Türk fındığı meyvelerinde %3-6 su, %16-19 protein, %64-70 yağ bulunmaktadır. Mineral madde olarak en çok potasyum (562 mg/100 g) daha sonra fosfor (407 mg/100 g), kalsiyum (77 mg) ve sodyum (20 mg/100 g) gelmektedir. Ayrıca 83-90 mg/100 g arası iyot tespit edilmiştir [82], [83].

Türk fındığı meyvelerindeki yağın %7,76’sını doymuş yağ, %92,3’sı ise doymamış yağ oluşturmaktadır. Bilindiği gibi doymamış yağlar insan sağlığı ve beslenmesinde önemli rol oynamaktadır [84], [82].

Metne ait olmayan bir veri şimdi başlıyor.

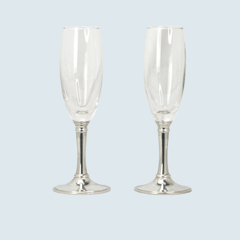 When only the finest will do-celebrate with handcrafted flutes with beautiful pewter bases.

Güzel görünüşünden dolayı yurt dışında park ve bahçelerde peyzaj düzenleme çalışmalarında kullanılmaktadır. Ayrıca egzoz gazlarına, hava kirliliğine dayanıklı oluşundan dolayı da şehirlerde yol boyunca tercih edilen türlerdendir [82].

Türk fındığı diğer fındık türlerinin özellikle C. avellana’nın kültüre edilmesinde kök altlığı olarak kullanılmakta ve önemi artmaktadır [82].

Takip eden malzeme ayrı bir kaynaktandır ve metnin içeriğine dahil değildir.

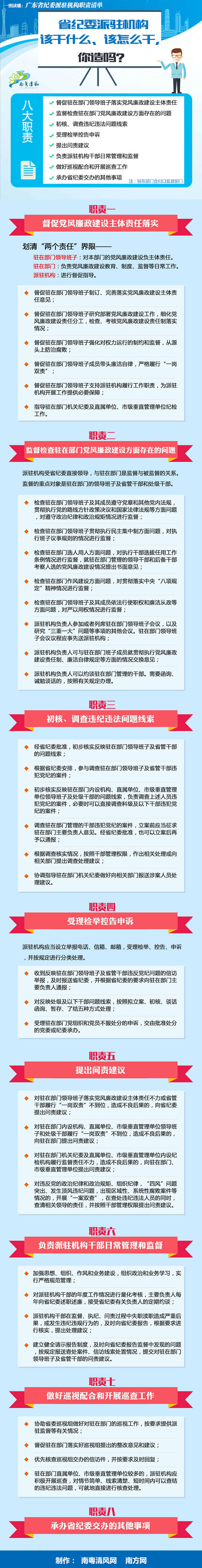 为贯彻落实《关于加强省纪委派驻机构建设的意见》(粤办发〔2015〕20号文),使派驻机构更加明确自己该干什么、该怎么干,近日,省纪委出台了《派驻机构职责清单》(以下简称《职责清单》),以拉清单的方式列举了派驻机构8个方面35项工作职责。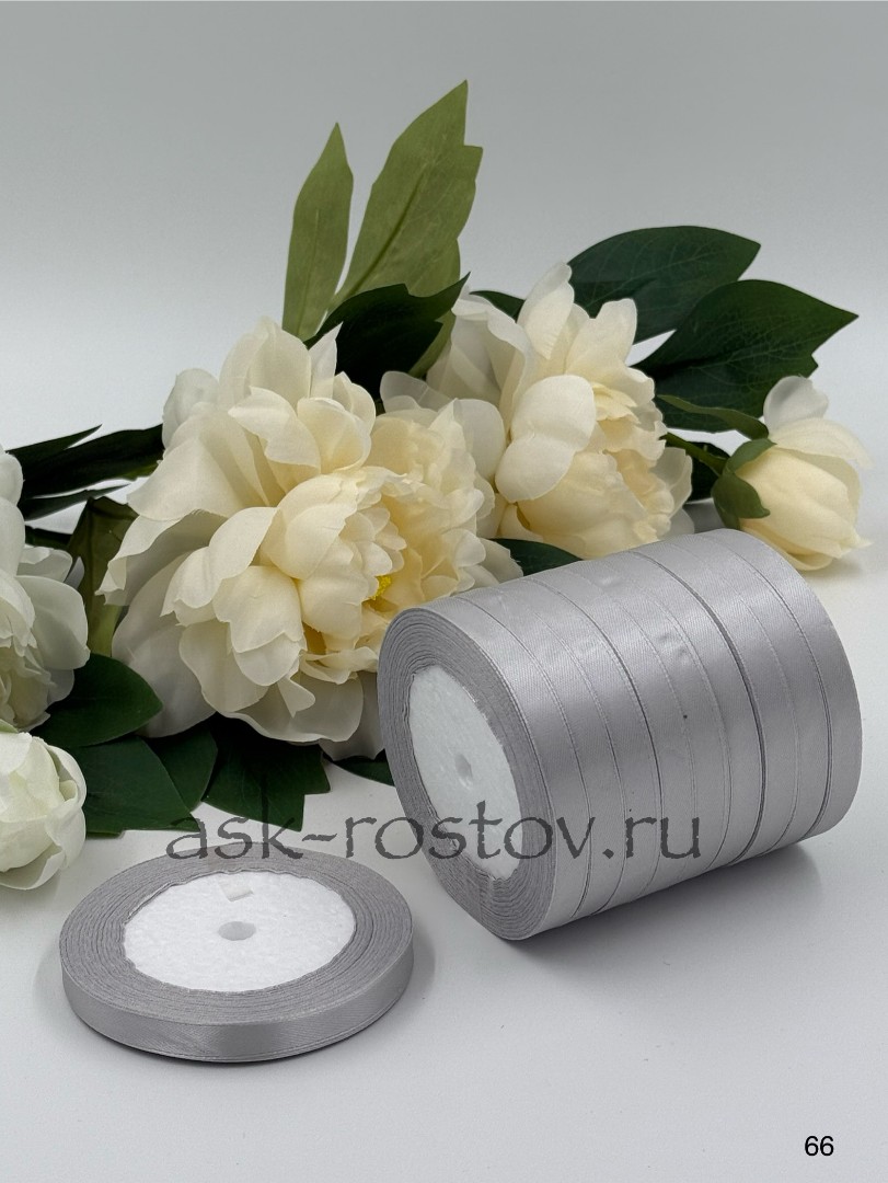 Лента атласная (1,0 см*22,85 м) Серебро, 1 шт.

Türk fındığı ülkemizde ise Batı Anadolu Kazdağı, Bolu, Kastamonu, Karabük-Yenice, Doğu Anadolu, Rize ve Trabzon yörelerinde doğal olarak yetişmektedir [85]. Düşey yayılışı 800-1700 m’ler arasındadır. Ayrıca, Düzce, Yığılca, Nallıhan: Köstebek ormanı, Kastamonu: Azdavay-Cide arası; Tosya, Gavur Dağı; Amasya: Sana Dağı, 1600 m, Ayancık: Zindan Bölgesi, Çingen konağı, 1160 m, Eskişehir: Mihalıççık, Çatacık

ormanı, 800 m’de de bulunmaktadır. Ülkemizde en yaygın şekilde bulunduğu bölge Kuzeybatı Anadolu ormanlarıdır. Burada Meşe-Kayın-Akçaağaç gibi yapraklı ormanlar ile Kayın-Göknar karışık ormanlarında tek tek veya küçük gruplar halinde bulunur. [82], [86], [87]. Ülkemiz dışındaki yayılışı doğu Avrupa (Balkanlar, Romanya), batı Asya (Kafkasya, İran)’dır [82], [85], [86], [87].

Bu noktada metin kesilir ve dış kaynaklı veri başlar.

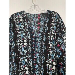 Farktop Women's Floral Blouse V Neck Tie Chiffon Shirt Size M Black Boho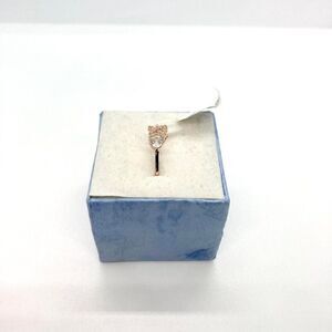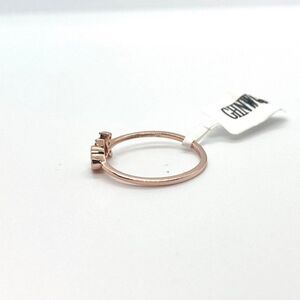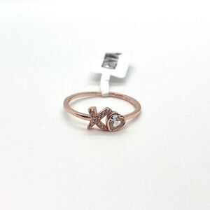 Size 8. Rose gold plating over 925 sterling silver ring. The focal point of the ring is an "X" encrusted with tiny white / clear CZ stones and an "O" in the shape of a heart with a larger CZ crystal filling it. Stamped 925 on the inside of ring.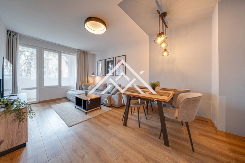 Апартаментът е със застроена площ от 66, 78 кв. м и е след ремонт, с подменена дограма и обновен интериор. Разпределението включва дневна с кухненски бокс, две спални, едната от които е преходна, антре, баня, отделна тоалетна и вътрешно складово помещение тип килер. Терасата към кухнята е усвоена и интегрирана към жилищната площ, което разширява работната зона и прави пространството по-функционално.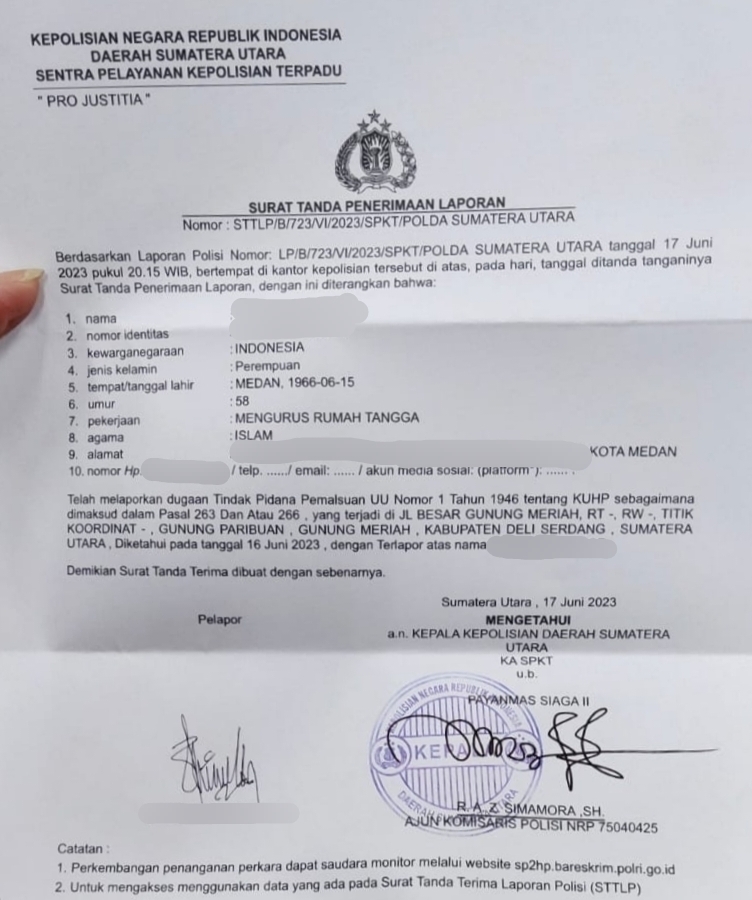 Laporan Polisi Nomor: LP/B/723/VI/2023/SPKT/Polda Sumatera Utara tanggal 17 Juni 2023 pukul 20.15 WIB.

Türk fındığının doğal yayılış alanı dışında yurt dışında da yetiştirilmektedir. Tarihteki ilk kayıtlara göre İstanbul yakınlarından tohumlar toplanarak 1582 yılında Viyana’ya gönderildiği belirtilmektedir. 1665 yılında İngiltere’ye götürülen Türk fındığı Konstantiniyye (Bizans, İstanbul) fındığı olarak biliniyordu. Kuzey Amerika’ya ne zaman götürüldüğü tam olarak bilinmemekle birlikte ilk koloniler zamanında olduğu belirtilmektedir [82], [88].